To use full tool and function calling support, install ray>=2.49.0
. Most features aren't available in previous versions (ray<=2.48.0
), but you can still use JSON outputs, specifically the JSON schema type pattern and the JSON object type pattern.
Understand structured output
When you build applications, unstructured LLM outputs can be difficult to extract and process reliably. Structured outputs let you enforce a specific format (such as JSON), removing ambiguity and making it easier to integrate responses into downstream systems.
Use structured output when your application requires predictable fields or values.
Compared to unstructured text, structured output:
- Follows a fixed schema (for example, JSON, regular expressions, choices) instead of freeform language.
- Minimizes post-processing; responses are machine-readable by design.
- Ensures consistency between responses.
Review supported output formats
Since Ray Serve LLM uses vLLM as the inference engine, you can guide models to produce structured outputs using vLLM's built-in output formats.
Format | Description | Use case example |
---|---|---|
JSON output | Returns structured outputs using a JSON schema. | Schema consistency, configuration generation, API responses. |
Choices | Restricts output to a predefined list of values. | Classification tasks, form field selection. |
Regular expressions | Validates output format using regular expression patterns. | Dates, phone numbers, formatted strings, IDs. |
Grammar | Defines rules using EBNF grammar. | SQL queries, code snippets, templates, custom DSLs. |
Structural tags | Applies schema constraints to parts of the response. | Structured function calls, markup-like outputs, tool use, XML-style integration. |
Not all models support every output format.
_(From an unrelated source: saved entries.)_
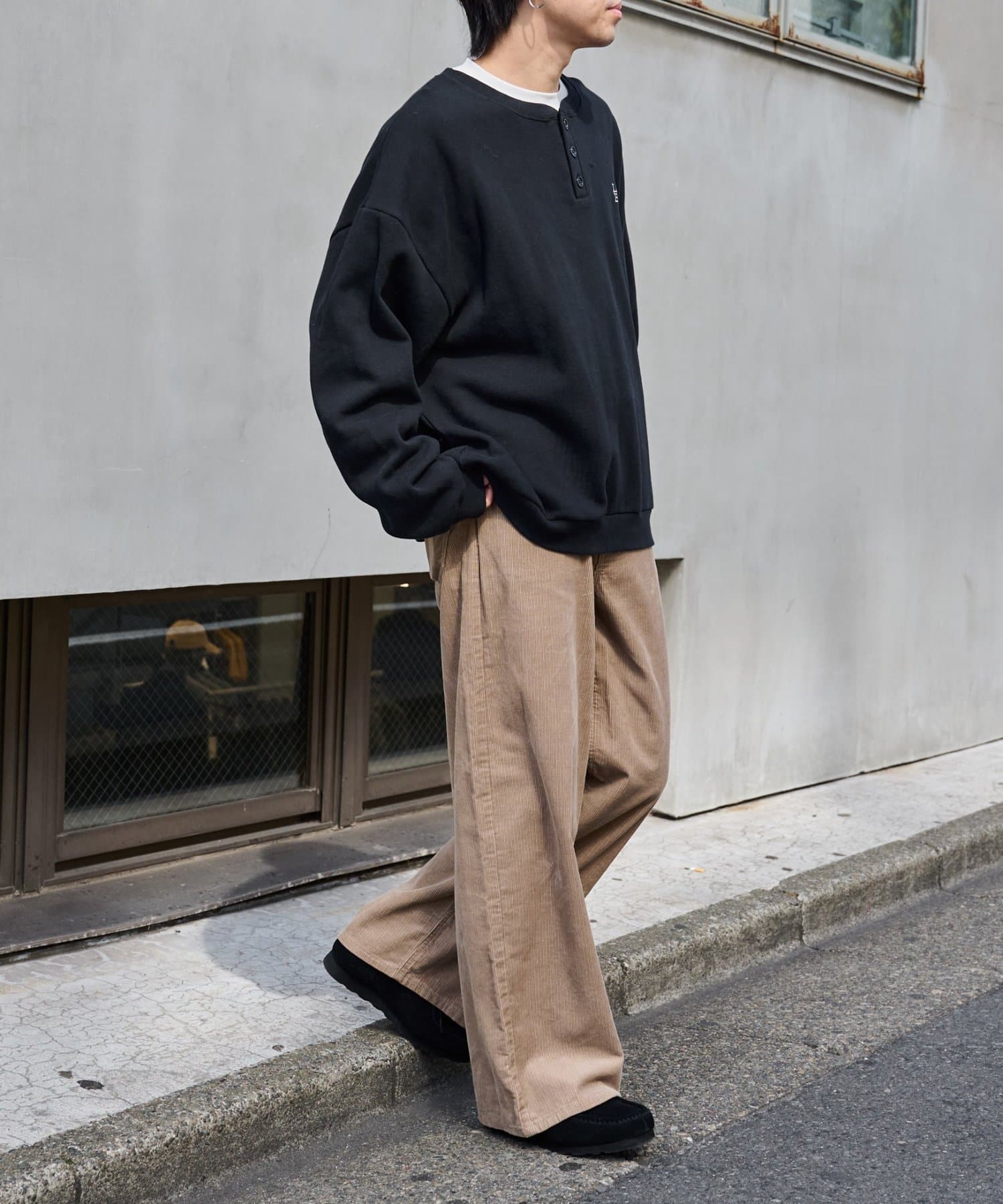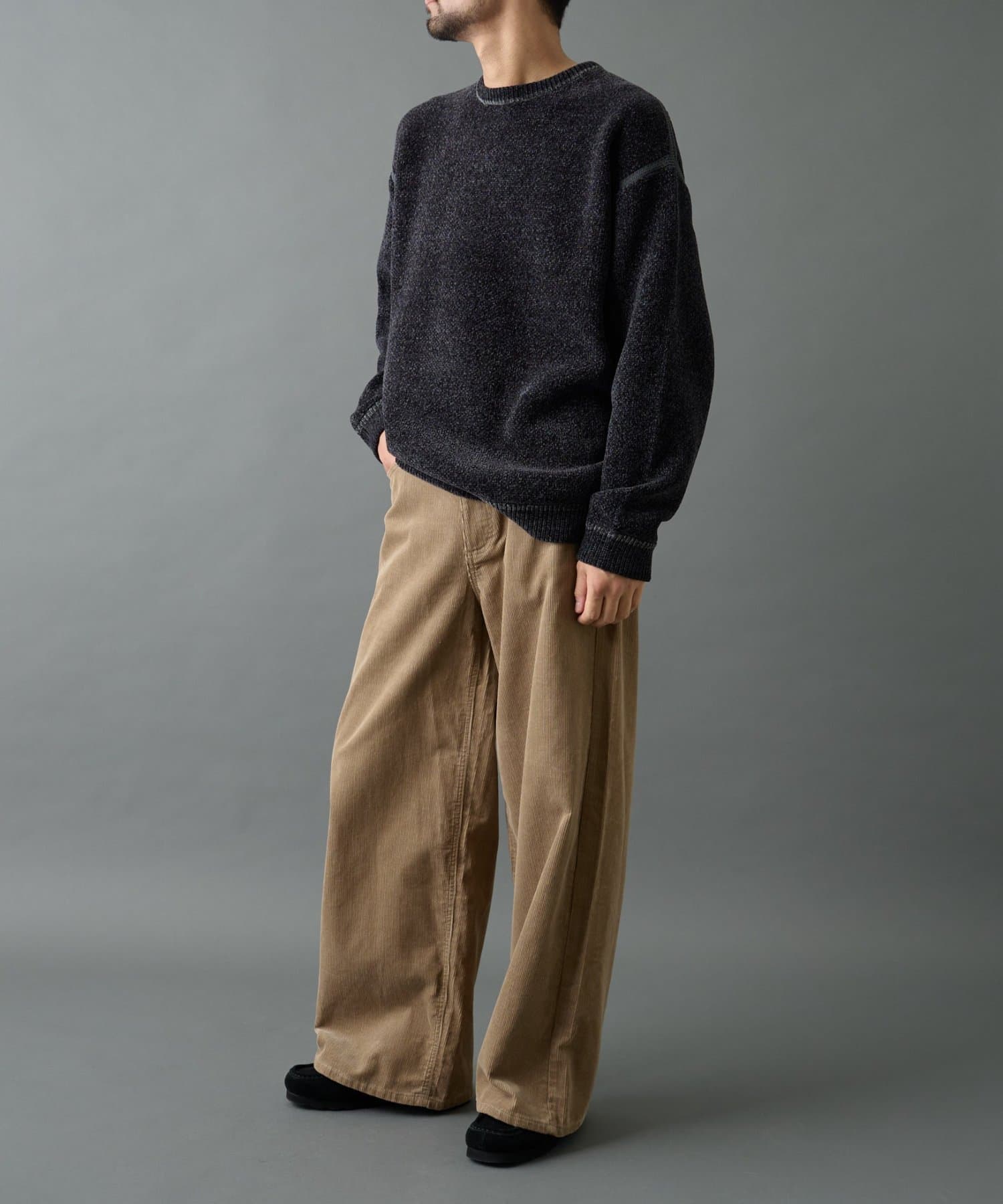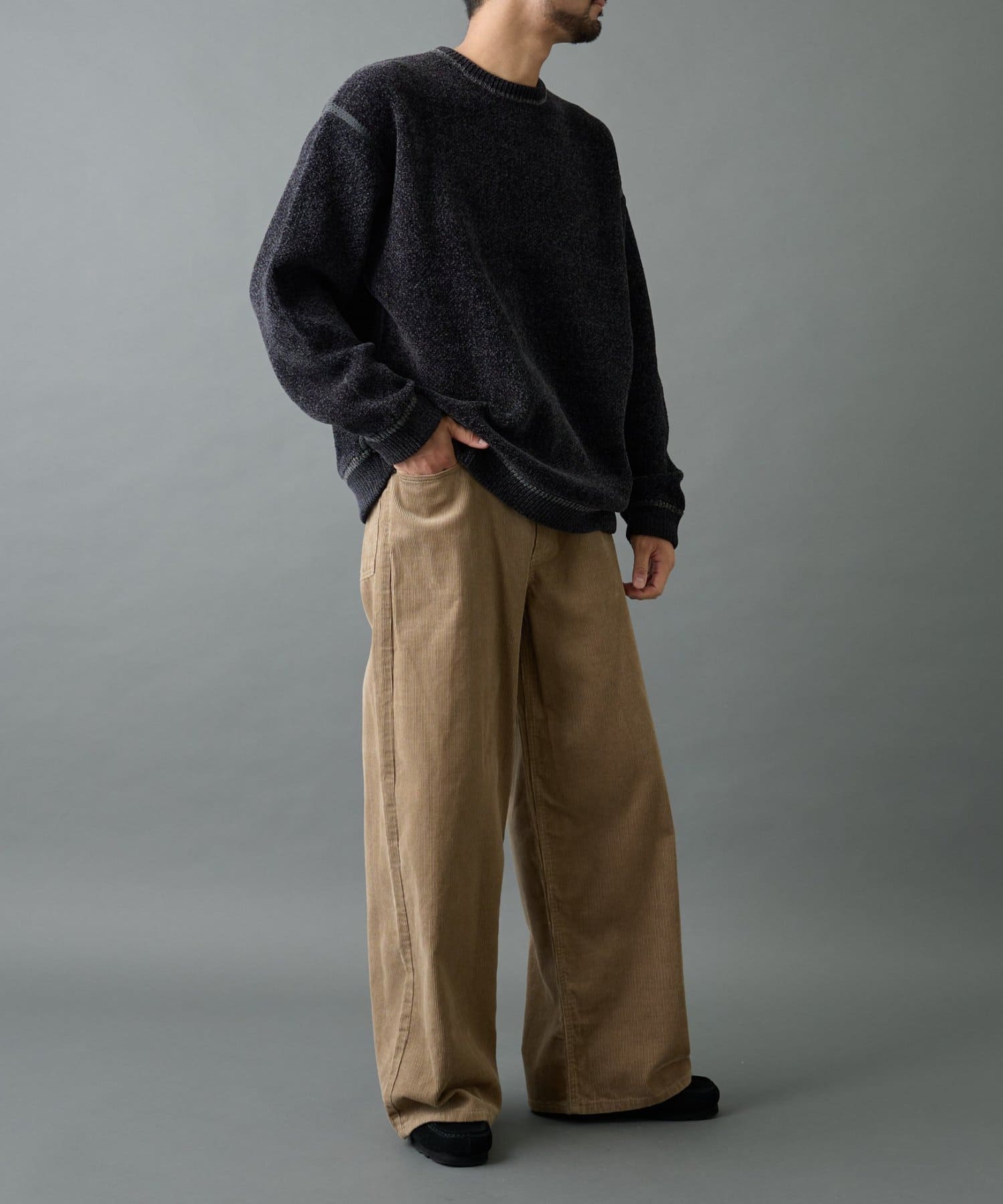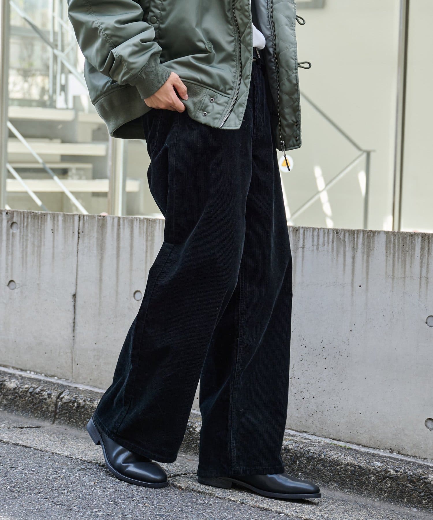 ほどよい厚みと立体感のあるコーデュロイが季節感を演出し、ゆったりとしたワイドストレートシルエットでリラックスした穿き心地を実現。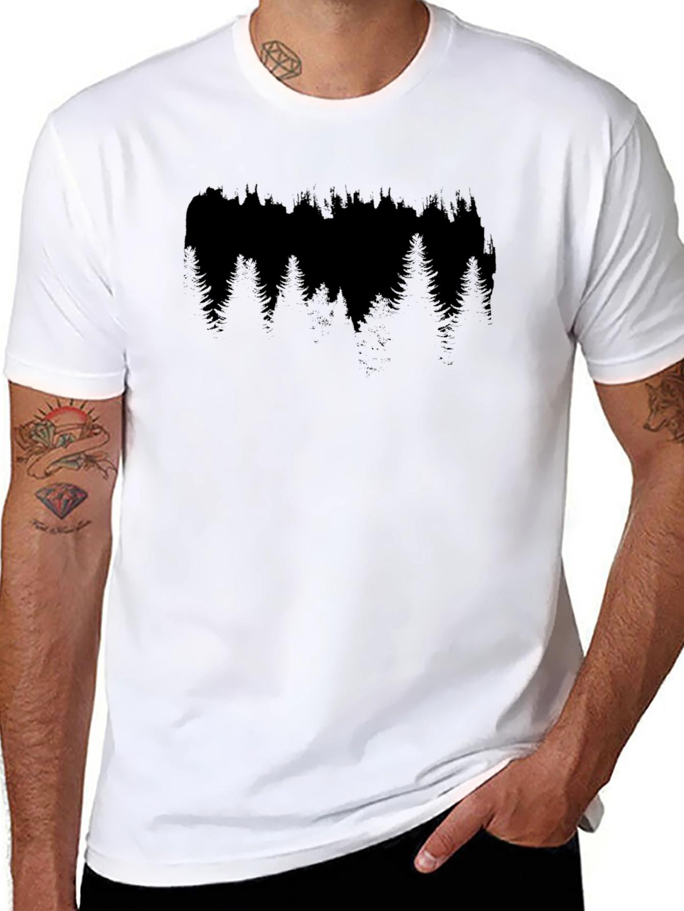 Embrace nature with this stylish men's black t-shirt featuring a subtle yet captivating forest tree graphic. This tee is perfect for adding a touch of the outdoors to your everyday wardrobe. The shirt has a classic fit and made from soft and breathable fabric, ensuring all-day comfort. The forest tree graphic design gives it a unique and understated look, making it versatile enough to pair with jeans, chinos, or shorts. Whether you're heading out for a casual weekend adventure or simply relaxing at home, this t-shirt is the perfect choice.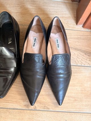 Set di scarpe eleganti in pelle nera. usate ma in buone condizioni - Un paio di décolleté Prada. - Un paio di mocassini Prada. - Un paio di mocassini Miu Miu.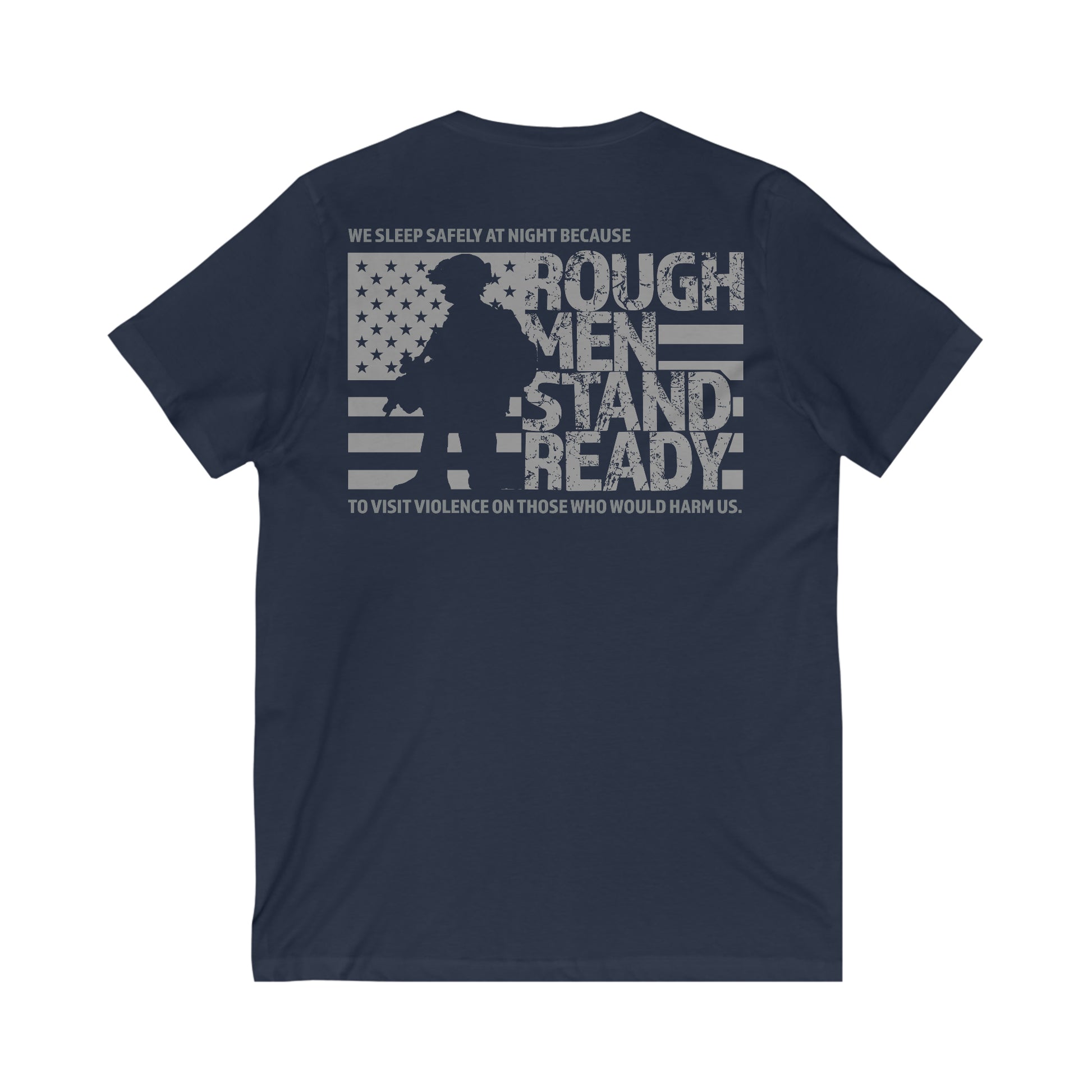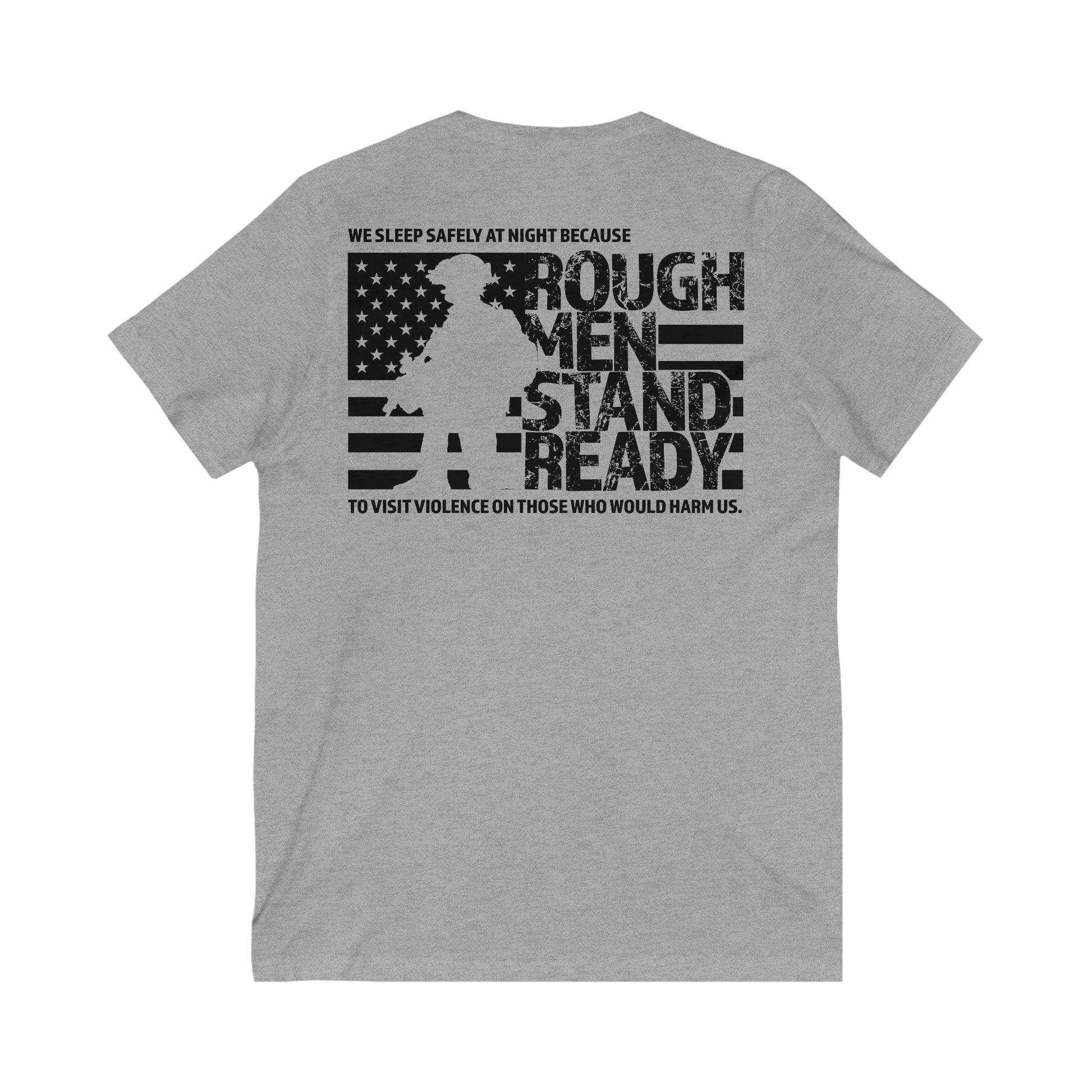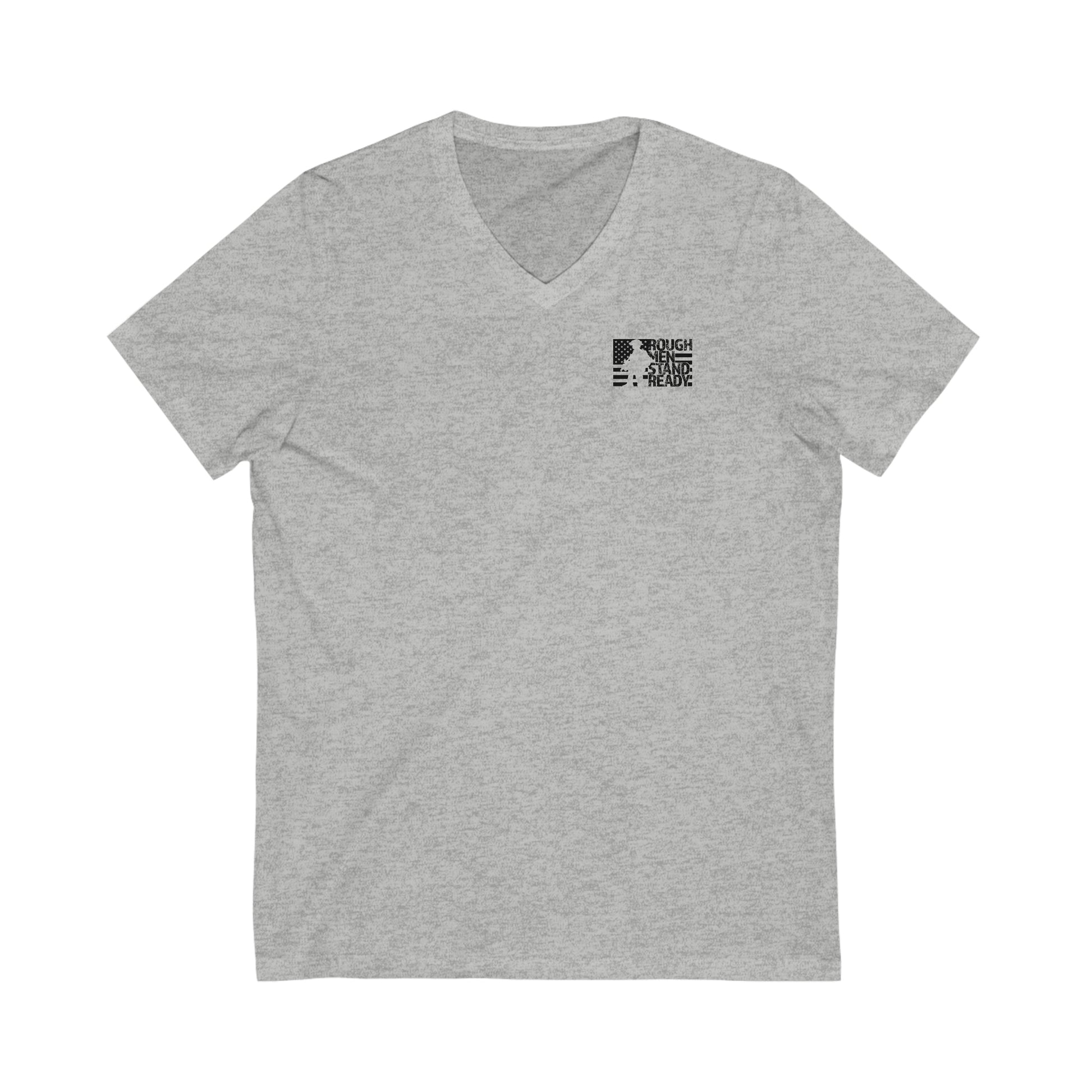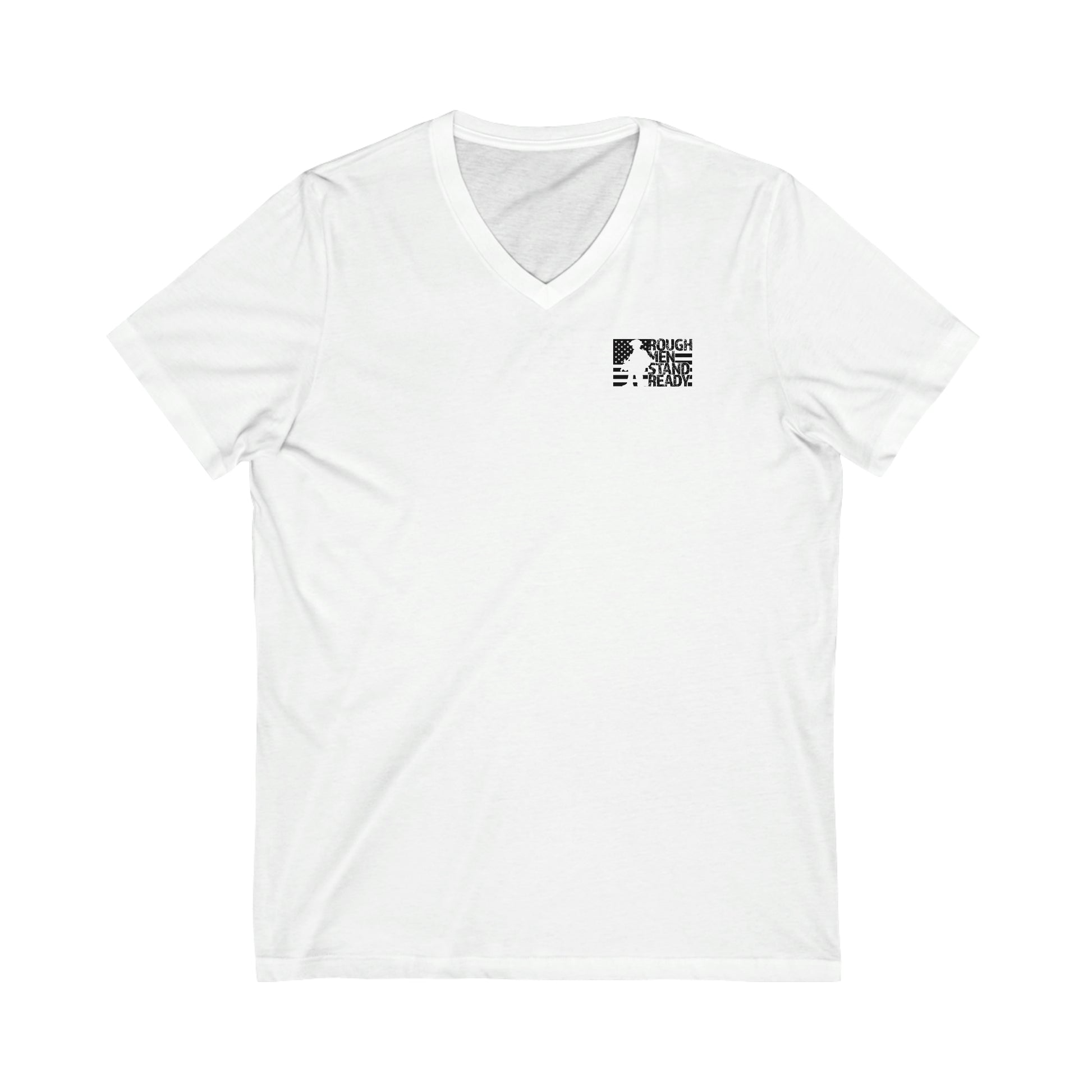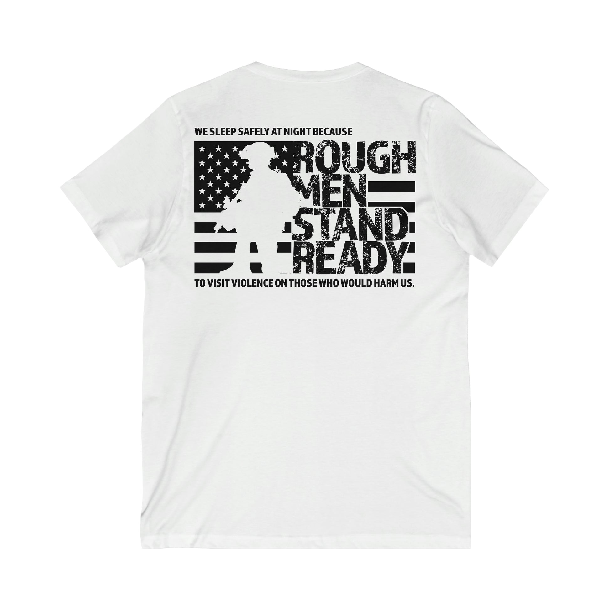 Rough Men Stand Ready™ logo on front. The full phrase worked into the graphics on the back. The unisex cotton v-neck tee is made of soft lightweight fabric, making it extremely comfortable, but we do recommend going up a size for a looser fit than usually worn if in-between sizes.

To verify which structured formats your model supports, see the vLLM compatibility matrix.
Generate JSON output
Use the JSON output mode to enforce a JSON schema during generation.
This is especially useful when you build applications that require consistent, machine-readable outputs, such as configuration generation, API responses, or data extraction pipelines.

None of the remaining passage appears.